Okay, so the differences aren't nothing, but they're small enough that I think we can work with them.

## Fitting with Bayesim
Now let's do a fit to the data using the grid approach implemented in the `bayesim` code.
### Import Things

In [7]:
import sys
sys.path.append('../../')
import bayesim.model as bym
import bayesim.param_list as byp
import functions as tefcns # model functions implemented in a separate file to keep this notebook tidy
import deepdish as dd # for interacting with HDF5 files
from joblib import Parallel, delayed # to parallelize model computations

### Initialize
First, we set up the list of parameters to be fit and their ranges.

In [8]:
fp = byp.param_list()
"""
fp.add_fit_param(name='P0', val_range=[1e-34,1e-20], spacing='log', length=28, units='sec.')
fp.add_fit_param(name='fs', val_range=[-1,2], length=21, units='eV')
fp.add_fit_param(name='r', val_range=[-1,2], length=21)
fp.add_fit_param(name='Z', val_range=[-10,10], length=20)
"""
fp.add_fit_param(name='P0', val_range=[1e-34,1e-20], spacing='log', length=7, units='sec.')
fp.add_fit_param(name='fs', val_range=[-1,2], length=5, units='eV')
fp.add_fit_param(name='r', val_range=[-1,2], length=5)
fp.add_fit_param(name='Z', val_range=[-10,10], length=5)


Next, define the experimental conditions.

In [9]:
ec = ['T','R','n']

Now, set up the `bayesim.model` object. All we need to feed in are the parameters, experimental conditions, and name of the output variable.

In [10]:
m = bym.model(params=fp,ec=ec,output_var='P')

### Attach Experimental Observations
The next thing to do is to attach the observed data. I reformatted it to work with `bayesim` and saved an HDF5 file. You can see the format in the Excel sheet `TE_expt_data.xlsx`. Here I use only every third point (integer values of resistances) to speed up model computation and also because that's probably enough data.

In [11]:
#m.attach_observations(fpath='TE_expt_data.h5')
m.attach_observations(fpath='TE_expt_data_sparse.h5')

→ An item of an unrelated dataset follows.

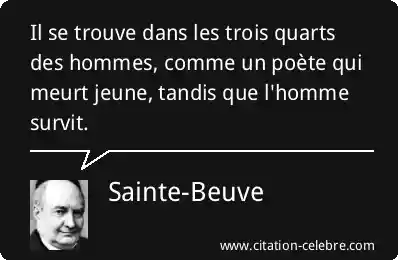 Il se trouve dans les trois quarts des hommes, comme un poète qui meurt jeune, tandis que l'homme survit.
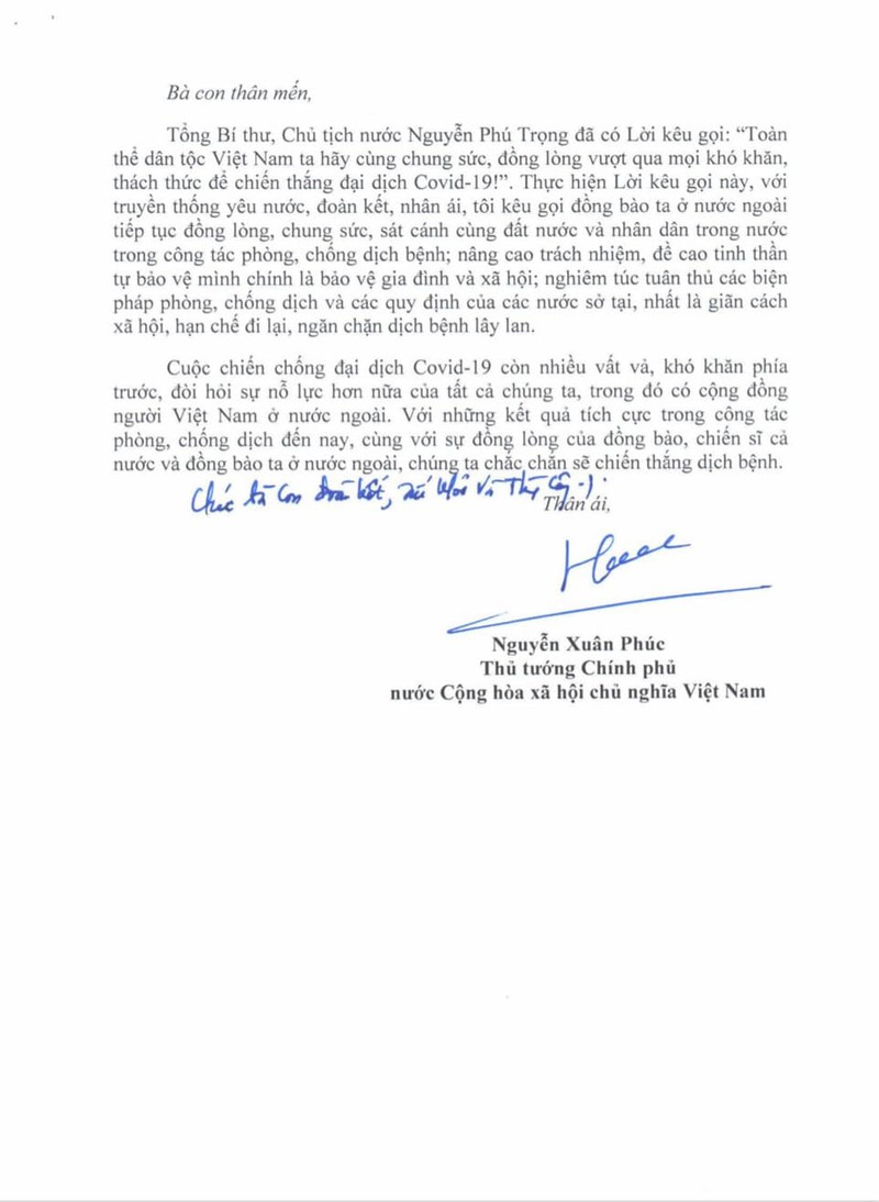 Tôi trân trọng tinh thần đoàn kết, nhân ái, tương trợ, giúp đỡ quý báu đó, đồng thời biểu dương nỗ lực của kiều bào, người lao động, sinh viên, học sinh Việt Nam đang sinh sống, làm việc, học tập ở các quốc gia vượt qua khó khăn do dịch bệnh gây ra, tuân thủ quy định của nước sở tại để bảo vệ mình và cộng đồng. Những hành động đó thể hiện truyền thống đoàn kết, lòng yêu nước, nhân nghĩa và tinh thần vượt khó của dân tộc ta, nhân dân ta.

Identified experimental conditions as ['n', 'T', 'R']. If this is wrong, rerun and explicitly specify them with attach_ec (make sure they match data file columns) or remove extra columns from data file.


### Attaching the Model
Next, we attach the model. In this example I'll precompute the modeled data and attach a file with the outputs. You could also attach the function used to do the modeling, but the code can't currently parallelize those computations so I do it outside `bayesim` to take advantage of both cores on my laptop.
First we write out a file with the list of all simulation points. (it's good practice to write this out rather than keep it only as a Python object so we can pick up where we left off later)

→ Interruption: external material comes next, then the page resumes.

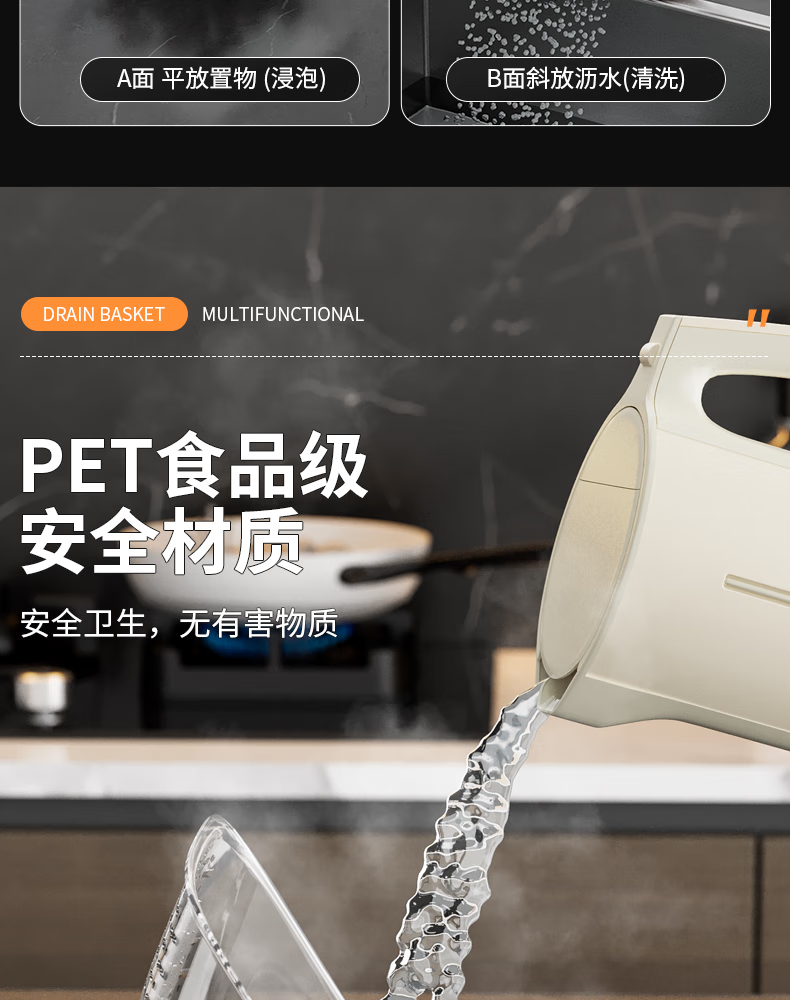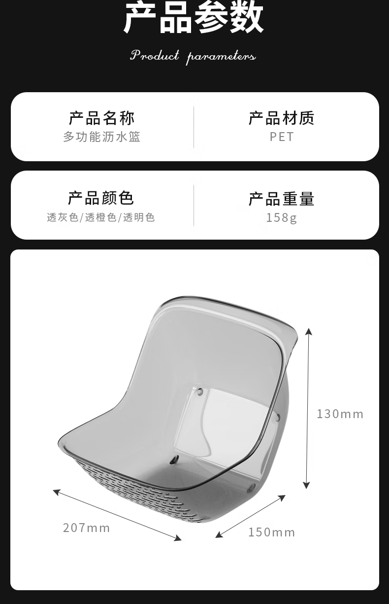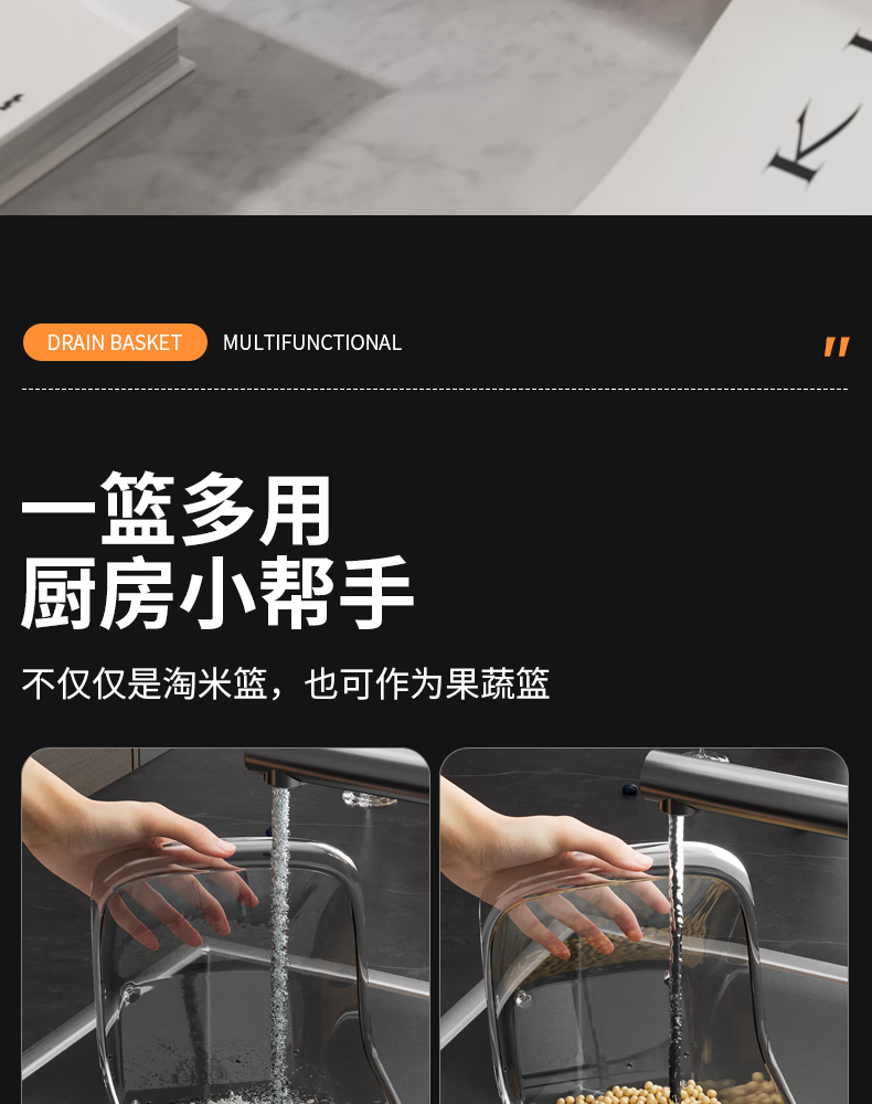 Harle Bear HA LE BEAR transparent multi-functional rice washing and draining basket kitchen basin new fruit washing and draining basin resistant to high temperature blanching basin transparent color 1 pack

This next cell should take about 30 seconds to evaluate, but if you don't want to do the model computations yourself you can skip it.

In [12]:
#m.list_model_pts_to_run('./sim_list.h5')

The code in the next cell will actually do the model computations. On my two-core laptop, it takes about 24 minutes to evaluate. Assuming your processor supports multithreading (almost all modern ones do), you should set `n_jobs` to be twice the number of cores on your machine if you want to run this cell efficiently.

You can also just skip this cell and instead evaluate the following one to just load in the results of the computation that I did. :)

In [13]:
#sim_list = dd.io.load('./sim_list.h5')
#outputs=Parallel(n_jobs=4,verbose=7)(delayed(tefunnew_singlept)(sim[1][m.ec_names],sim[1][m.param_names]) for sim in sim_list.iterrows())
#sim_list['P'] = outputs
#dd.io.save('sim_outputs.h5',sim_list)

In [15]:
sim_outputs = dd.io.load('sim_outputs.h5')

In [16]:
sim_outputs.query('abs(-8.000000-Z)/Z<1e-6 & abs(0.000000-P0)/P0<1e-6 & abs(-0.700000-fs)/fs<1e-6 & abs(-0.700000-r)/r<1e-6')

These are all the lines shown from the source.